(Input for this task begins)

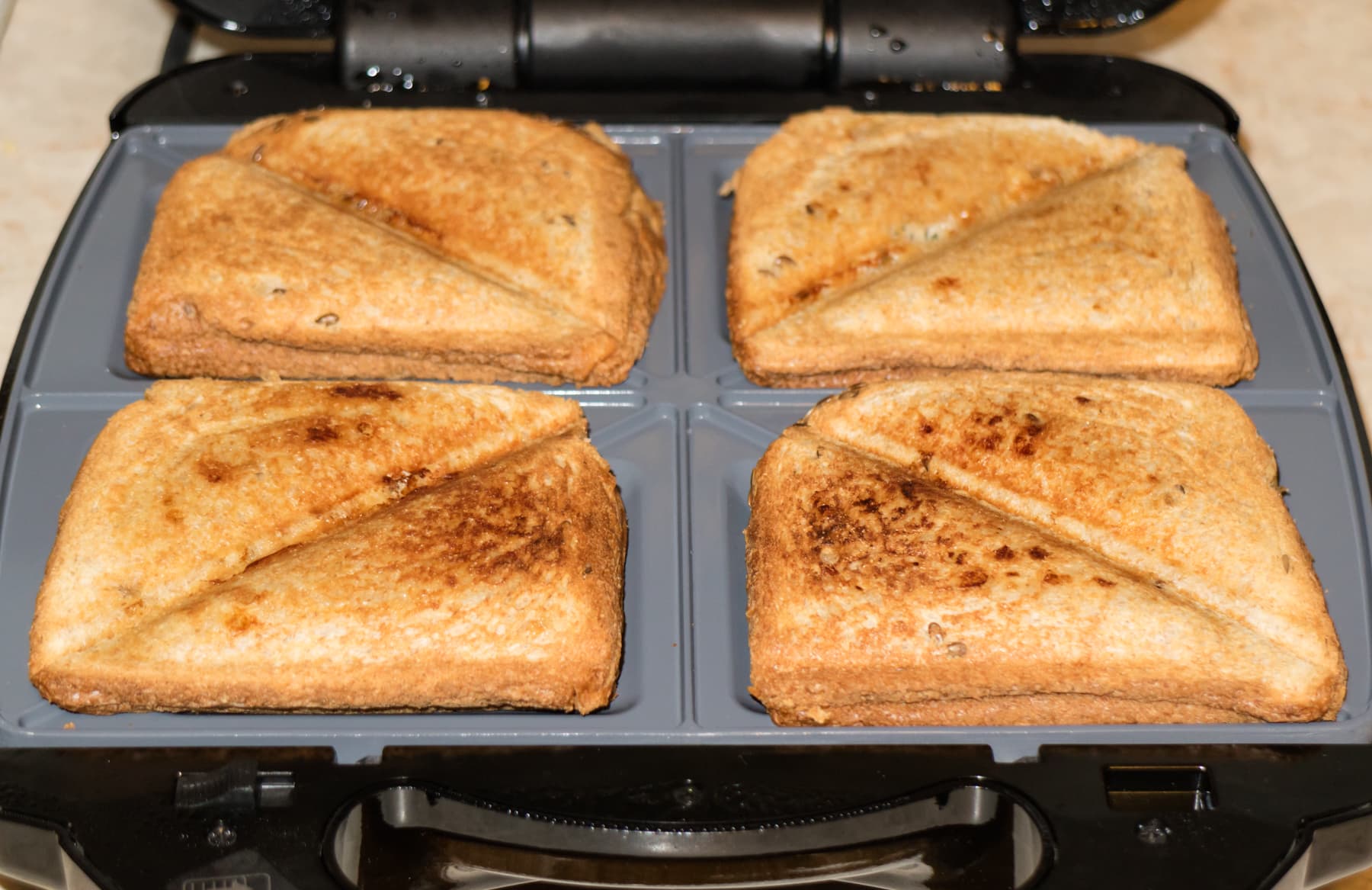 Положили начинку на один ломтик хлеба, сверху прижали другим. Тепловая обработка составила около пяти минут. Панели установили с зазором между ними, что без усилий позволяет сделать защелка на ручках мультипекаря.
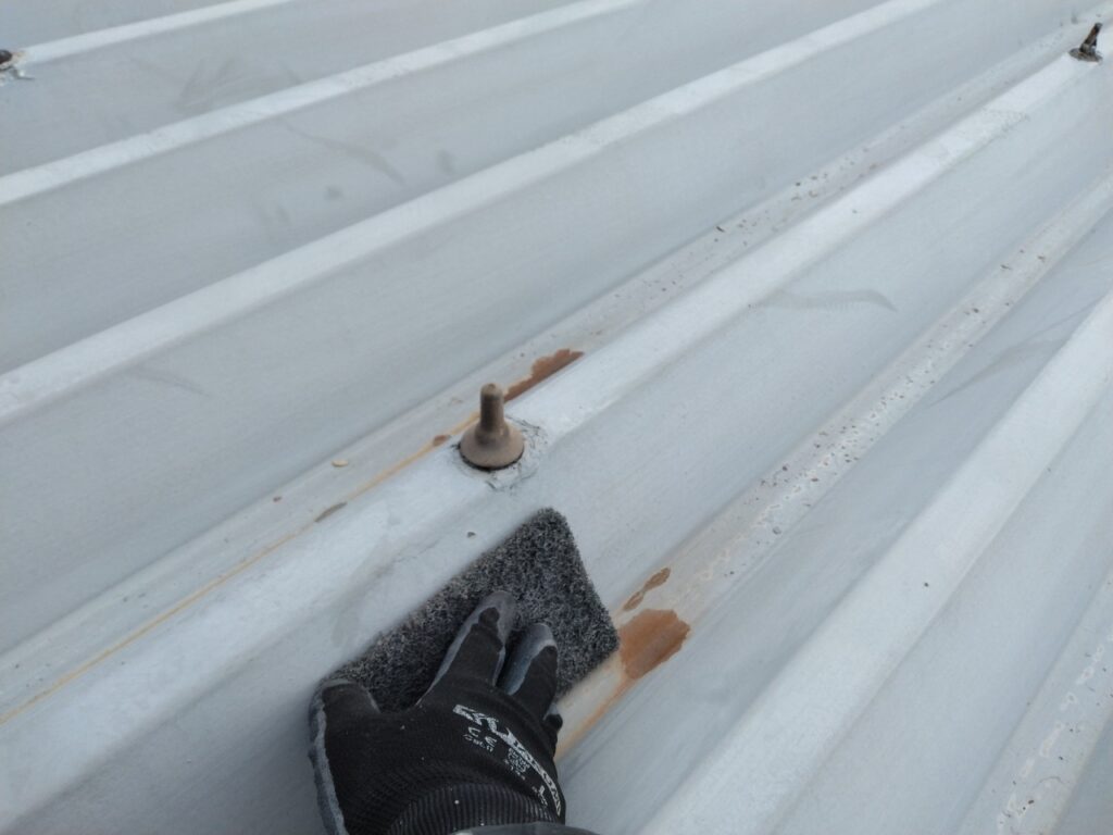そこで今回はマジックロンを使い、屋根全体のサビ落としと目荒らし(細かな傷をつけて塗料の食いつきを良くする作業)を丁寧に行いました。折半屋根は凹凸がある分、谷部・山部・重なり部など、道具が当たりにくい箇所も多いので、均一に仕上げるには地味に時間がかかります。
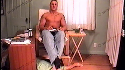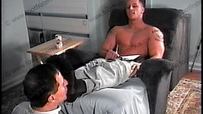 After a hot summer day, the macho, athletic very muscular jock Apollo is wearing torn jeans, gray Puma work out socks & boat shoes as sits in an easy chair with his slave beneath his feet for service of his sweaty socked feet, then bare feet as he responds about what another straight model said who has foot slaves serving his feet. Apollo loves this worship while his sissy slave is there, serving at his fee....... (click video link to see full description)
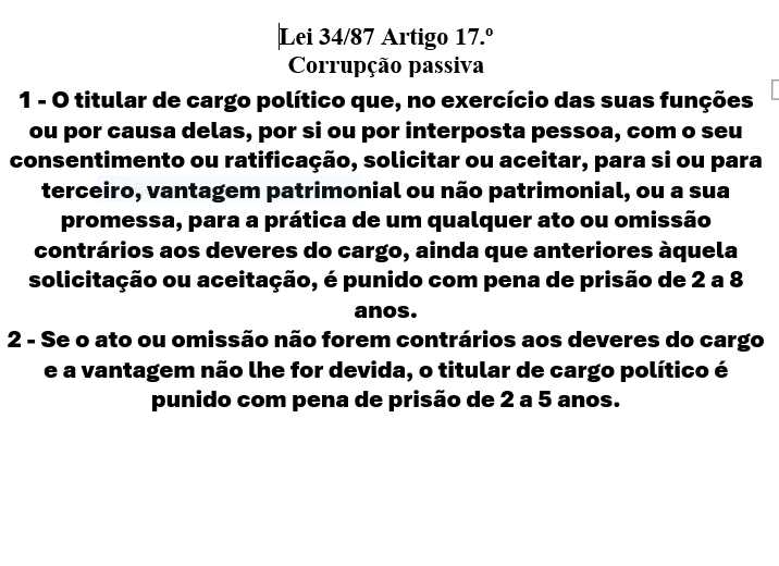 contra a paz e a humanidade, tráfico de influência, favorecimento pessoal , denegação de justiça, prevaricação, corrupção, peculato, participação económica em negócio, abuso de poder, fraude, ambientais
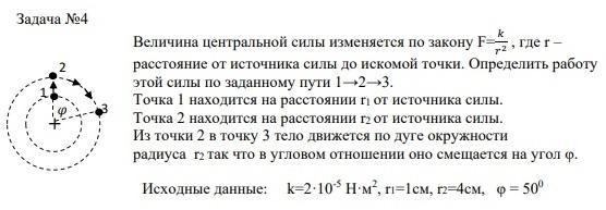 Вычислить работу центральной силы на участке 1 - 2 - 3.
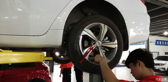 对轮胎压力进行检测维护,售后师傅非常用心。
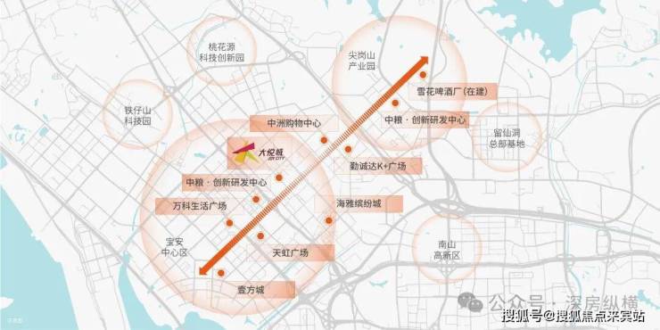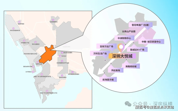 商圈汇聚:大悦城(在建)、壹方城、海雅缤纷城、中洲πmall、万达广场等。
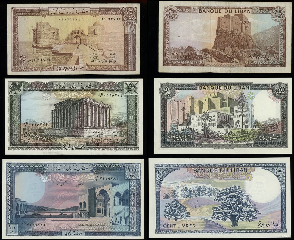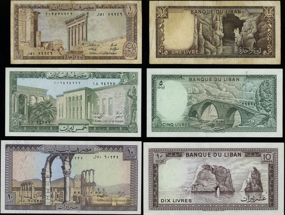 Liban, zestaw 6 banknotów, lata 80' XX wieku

(Input for this task ends)

#### [What the exercise asks]
All lines of the listing must be given again exactly, excluding the pictures.

#### [Exercise output]
 Положили начинку на один ломтик хлеба, сверху прижали другим. Тепловая обработка составила около пяти минут. Панели установили с зазором между ними, что без усилий позволяет сделать защелка на ручках мультипекаря.
そこで今回はマジックロンを使い、屋根全体のサビ落としと目荒らし(細かな傷をつけて塗料の食いつきを良くする作業)を丁寧に行いました。折半屋根は凹凸がある分、谷部・山部・重なり部など、道具が当たりにくい箇所も多いので、均一に仕上げるには地味に時間がかかります。
 After a hot summer day, the macho, athletic very muscular jock Apollo is wearing torn jeans, gray Puma work out socks & boat shoes as sits in an easy chair with his slave beneath his feet for service of his sweaty socked feet, then bare feet as he responds about what another straight model said who has foot slaves serving his feet. Apollo loves this worship while his sissy slave is there, serving at his fee....... (click video link to see full description)
 contra a paz e a humanidade, tráfico de influência, favorecimento pessoal , denegação de justiça, prevaricação, corrupção, peculato, participação económica em negócio, abuso de poder, fraude, ambientais
 Вычислить работу центральной силы на участке 1 - 2 - 3.
 对轮胎压力进行检测维护,售后师傅非常用心。
 商圈汇聚:大悦城(在建)、壹方城、海雅缤纷城、中洲πmall、万达广场等。
 Liban, zestaw 6 banknotów, lata 80' XX wieku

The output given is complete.